AWS:Merge and download results

From DISI
Revision as of 21:30, 14 September 2022 by Frodo (talk | contribs) (asdf)
(diff) ← Older revision | Latest revision (diff) | Newer revision → (diff)
Jump to navigation Jump to search


Prerequisites

github personal access token & DOCK github repository access rights (https://docs.github.com/en/authentication/keeping-your-account-and-data-secure/creating-a-personal-access-token)

You will need to provide this access token as a password when pulling the DOCK repository. You can email us at bkslab for access to the DOCK repository.

aws account & credentials (https://docs.aws.amazon.com/general/latest/gr/aws-sec-cred-types.html#access-keys-and-secret-access-keys)

Step 1: Create an EC2 instance

Go to AWS dashboard, look up EC2 in the search bar and click the link.

Navigate to "instances" tab and select "Launch Instance"

Launchinstances.png

For Instance Type, find an instance appropriate for your analysis workload. You can't go wrong with more vCPUs and Memory, so a t2.xlarge or t2.2xlarge will work just fine for just about any workload.

Instancetype.png

Word to the wise: if you're going to allocate an expensive instance, MAKE SURE NOT TO FORGET ABOUT IT! You don't want a surprise 1000$ bill at the end of the month for an instance you barely used.
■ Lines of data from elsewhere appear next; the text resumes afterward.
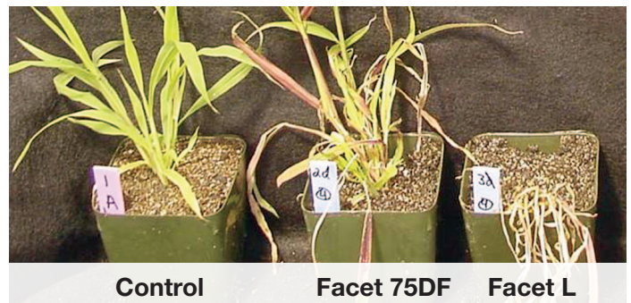
Facet L provides greater activity over Facet DF on grasses like large crabgrass (BASF internal trial 2005)
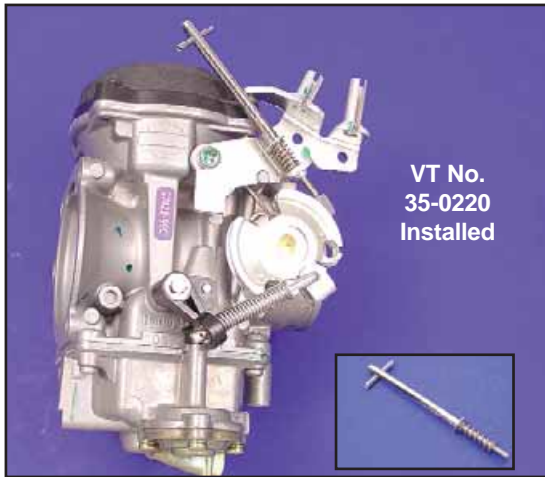
VT No. 35-0220 Installed

Keihin and CV Idle Screw allows for easier adjustment by hand. VT No. 35-0220
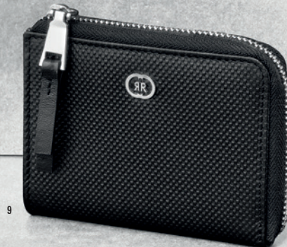
9. Regent card holder black - NLE329A
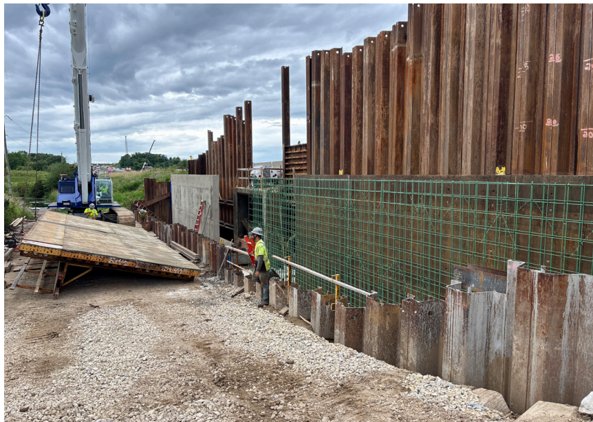
Above: Military Ridge Trail box culvert extension - wing wall construction (south side)

The project team thanks you for your patience and cooperation throughout this project!
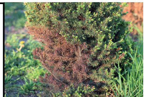
Winter-Damaged Spruce Tree

Anti-Desiccant is a one-time application that takes place in the early-wintertime, most typically in December. This service protects Evergreens against wilting, windburn, and moisture loss that can be otherwise detrimental.
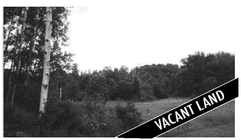
750 SEVENTH STREET, EAST JORDAN This is a beautiful piece of property right on the edge of town. Acreage is on a dead end street and very private. Would make for a perfect walk out basement. City water and sewer are available for hook up. Drive by or call for your personal tour today! MLS 430403. Ask for Jennifer Burr-Cutler. $21,900

110 MARY STREET, EAST JORDAN Nice two bedroom home in town! Would make for a great rental property. Many improvements already complete and just a few more would make this home ready to move into. Already approved from lender as a short sale, bring your offer today! MLS 433025. Ask for Jennifer Burr-Cutler. $19,900
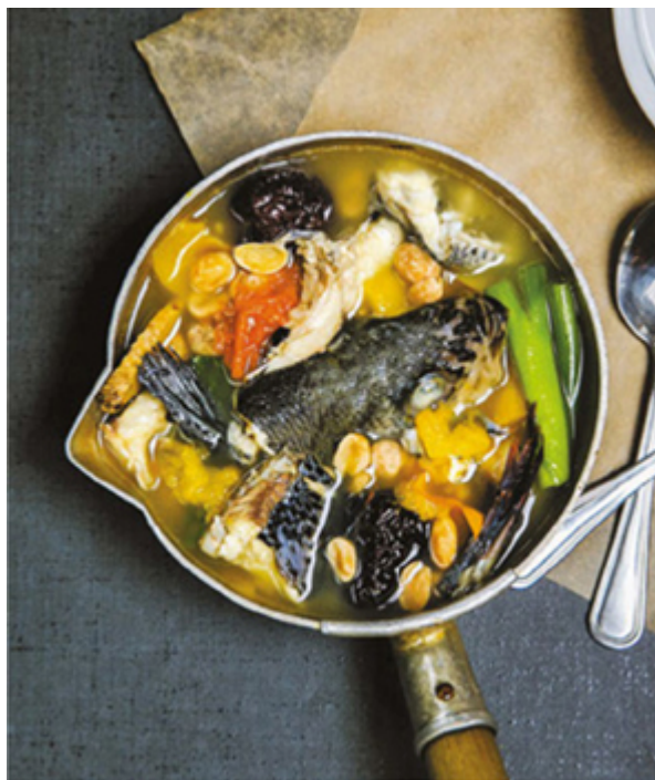
Fish, Papaya & Peanut Soup

Next, create a new key pair for your instance. Use RSA encryption and give it a descriptive name, making sure to save the .pem or .ppk file somewhere you will remember it. This key can be re-used for any additional instances you create in the future.

Keypair.png

Finally, configure the storage available to your instance. Depending on how many poses your docking run produced, you may want just a few GB, or a few TB.

Configstorage.png

Now launch your instance, this will bring you to a page showing your instance's ID. Click on that ID to view the details of your instance.

Instancelaunched1.png

Instancelaunched2.png

Instancelaunched3.png

Step 2: Connect to your EC2 instance and install required software

In your instance's details page, find it's public ipv4 address.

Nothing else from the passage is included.